■ **Task item**
What is needed is the full listing written out exactly, minus the pictures.

■ **Source material**
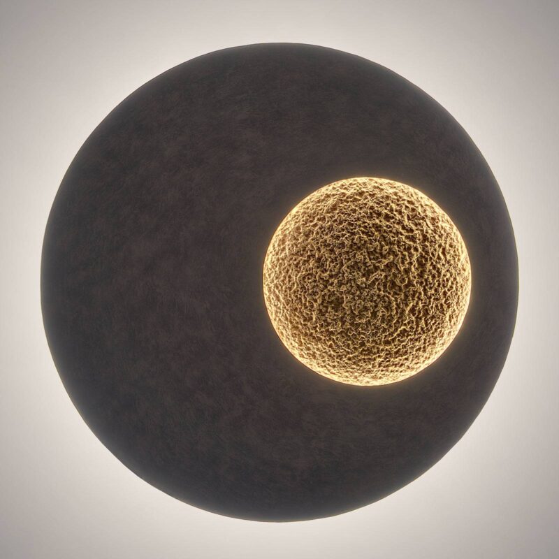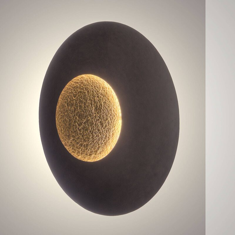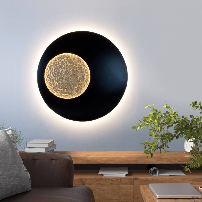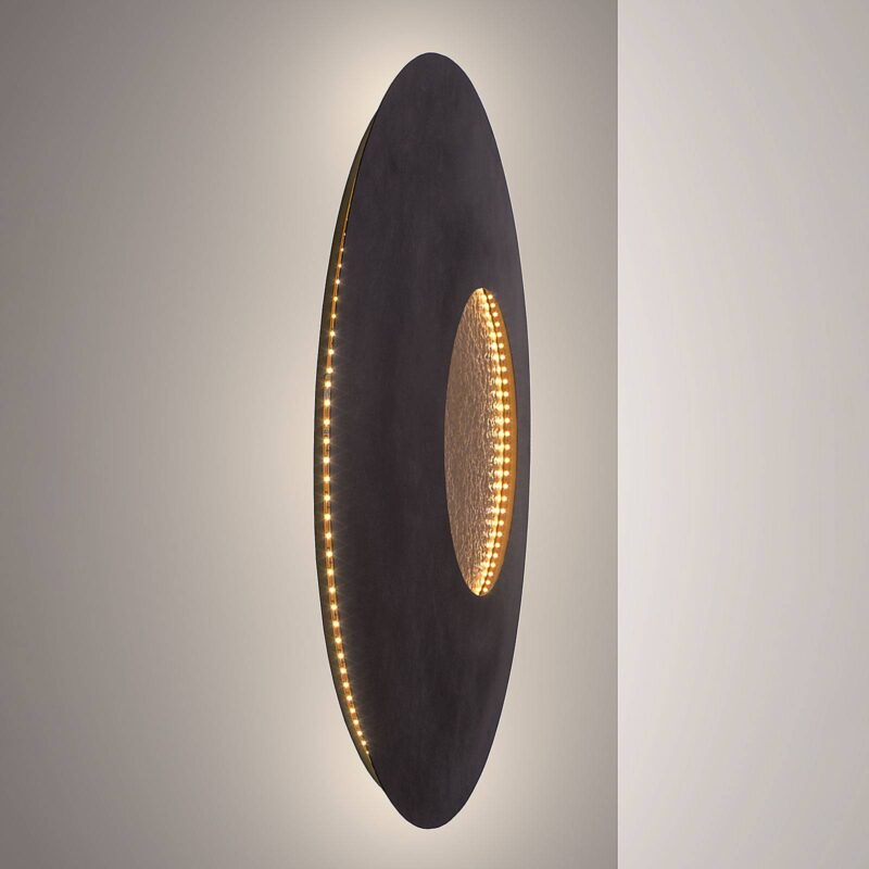 Nástenné svietidlo Luina zo železa v čierno-zlatej farbe Fascinácia Mesiacom je v nástennom svietidle Luina interpretovaná moderným spôsobom. Vzrušujúco navrhnutá lampa podčiarkuje koncept osvetlenia na mieste moderným elegantným spôsobom a inšpiruje príjemným tokom svetla. Malý zlatý disk zo železa svieti štruktúrovane zvnútra na väčší železný disk v hnedočiernom tienidle. Vďaka tomu má lampa príťažlivý dizajn nočnej oblohy. Vnútorný kotúč sa dá flexibilne namontovať na vonkajší prvok. Nástenné svietidlo LED nepriamo rozptyľuje svetlo a zároveň je exkluzívnym doplnkom v útulnom domove.
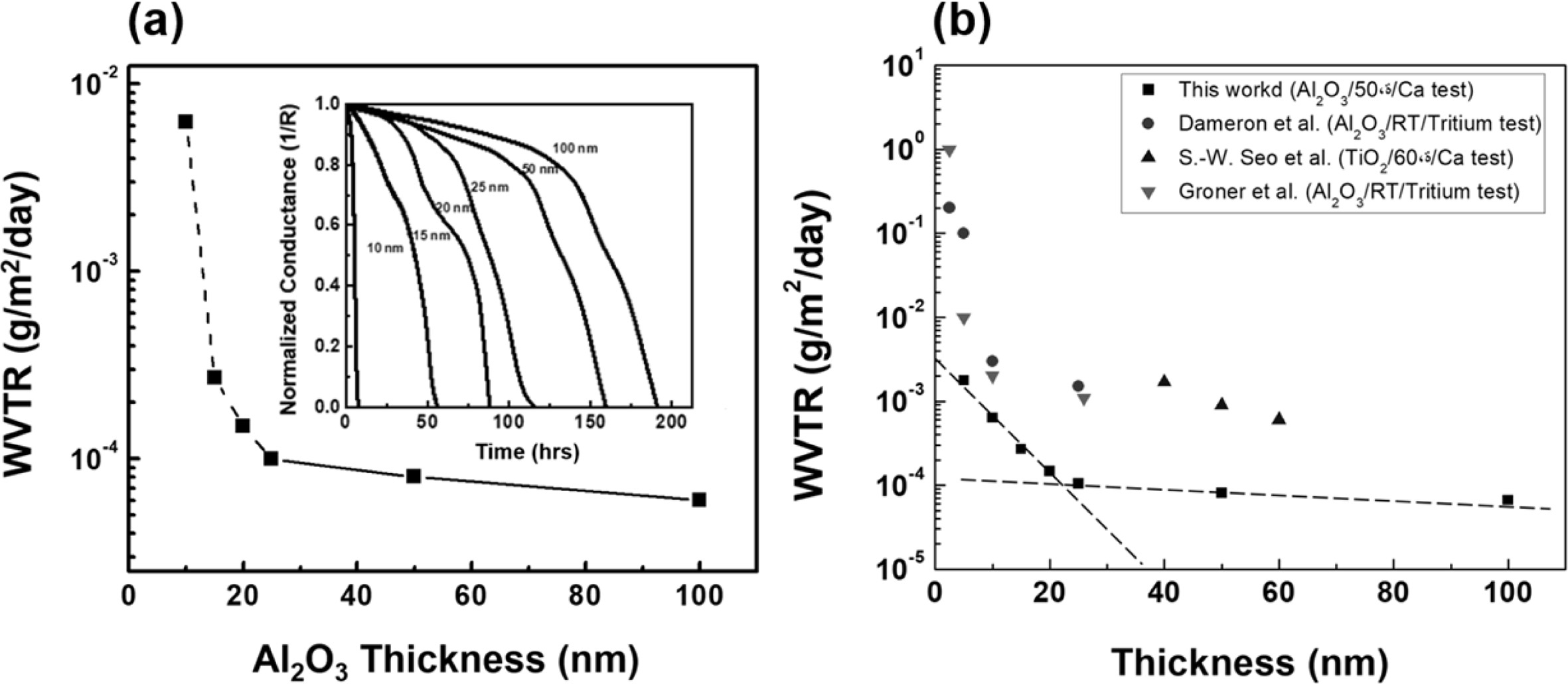 We measured the WVTR values to investigate the effect of Al2O3 thickness on moisture barrier properties. The WVTR measurement of Al2O3 samples with thicknesses of 10, 15, 20, 25, 50, and 100 nm were carried out by the electrical Ca test. Conductance changes of the Ca layer encapsulated with Al2O3 thin films as a function of water exposure time under accelerated condition (50 oC, 50% RH) are shown in the inset of Fig. 2. The slope of the conductance curve was used to calculate WVTR values according to the following equation:
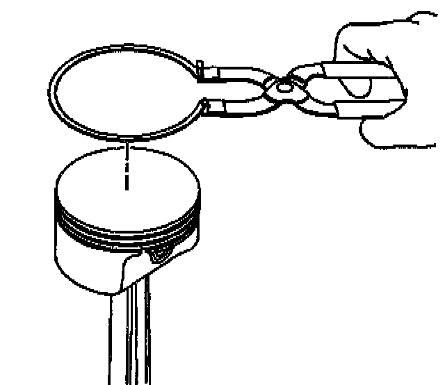 Use caution and care to expand the piston rings only slightly larger than the Outside Diameter (OD) of the piston.
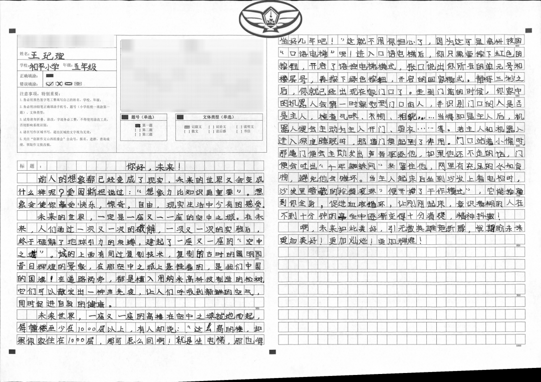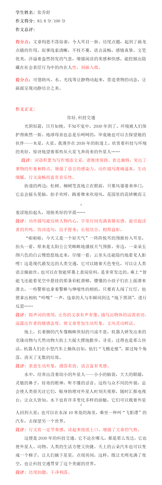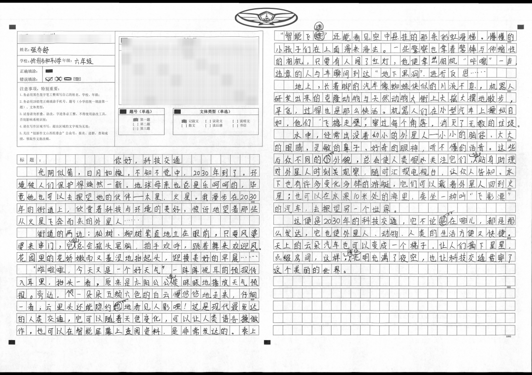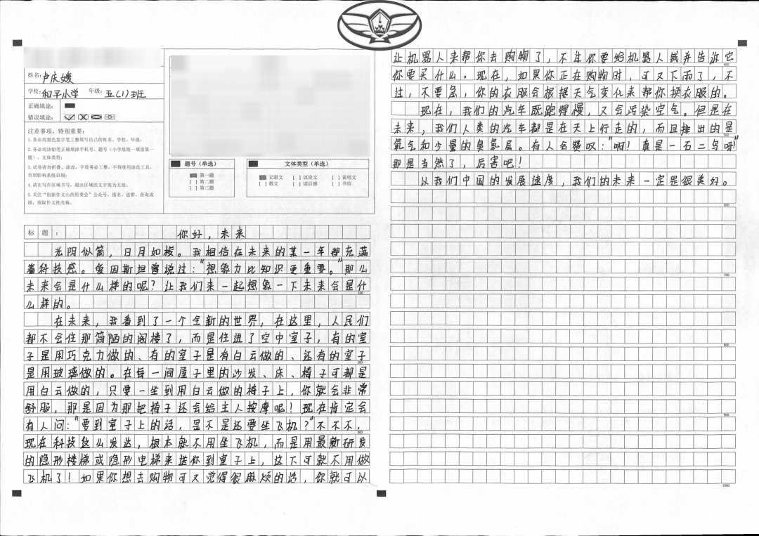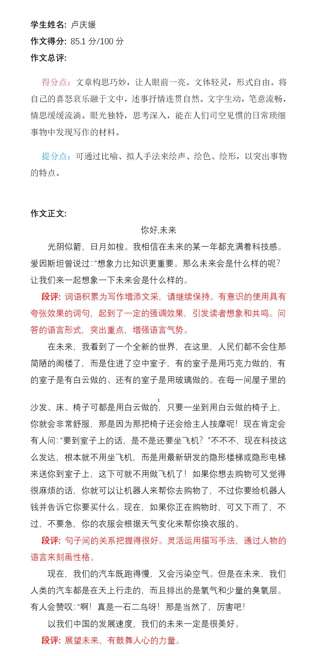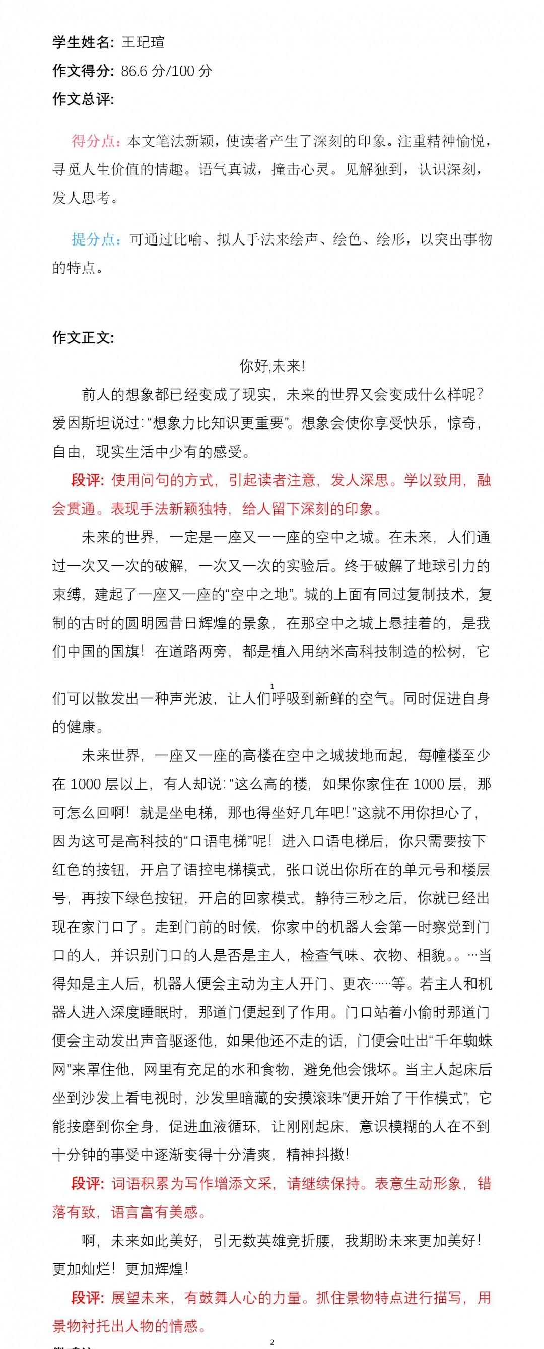 孩子,你能从想象中选出与题目有关的东西,选出素材,把想象与现实相结合,让读者随着你的思想进入21世纪的新未来。望你在以后得写作道路上继续大胆创新,更上一层楼。

■ **Solution**
 Nástenné svietidlo Luina zo železa v čierno-zlatej farbe Fascinácia Mesiacom je v nástennom svietidle Luina interpretovaná moderným spôsobom. Vzrušujúco navrhnutá lampa podčiarkuje koncept osvetlenia na mieste moderným elegantným spôsobom a inšpiruje príjemným tokom svetla. Malý zlatý disk zo železa svieti štruktúrovane zvnútra na väčší železný disk v hnedočiernom tienidle. Vďaka tomu má lampa príťažlivý dizajn nočnej oblohy. Vnútorný kotúč sa dá flexibilne namontovať na vonkajší prvok. Nástenné svietidlo LED nepriamo rozptyľuje svetlo a zároveň je exkluzívnym doplnkom v útulnom domove.
 We measured the WVTR values to investigate the effect of Al2O3 thickness on moisture barrier properties. The WVTR measurement of Al2O3 samples with thicknesses of 10, 15, 20, 25, 50, and 100 nm were carried out by the electrical Ca test. Conductance changes of the Ca layer encapsulated with Al2O3 thin films as a function of water exposure time under accelerated condition (50 oC, 50% RH) are shown in the inset of Fig. 2. The slope of the conductance curve was used to calculate WVTR values according to the following equation:
 Use caution and care to expand the piston rings only slightly larger than the Outside Diameter (OD) of the piston.
 孩子,你能从想象中选出与题目有关的东西,选出素材,把想象与现实相结合,让读者随着你的思想进入21世纪的新未来。望你在以后得写作道路上继续大胆创新,更上一层楼。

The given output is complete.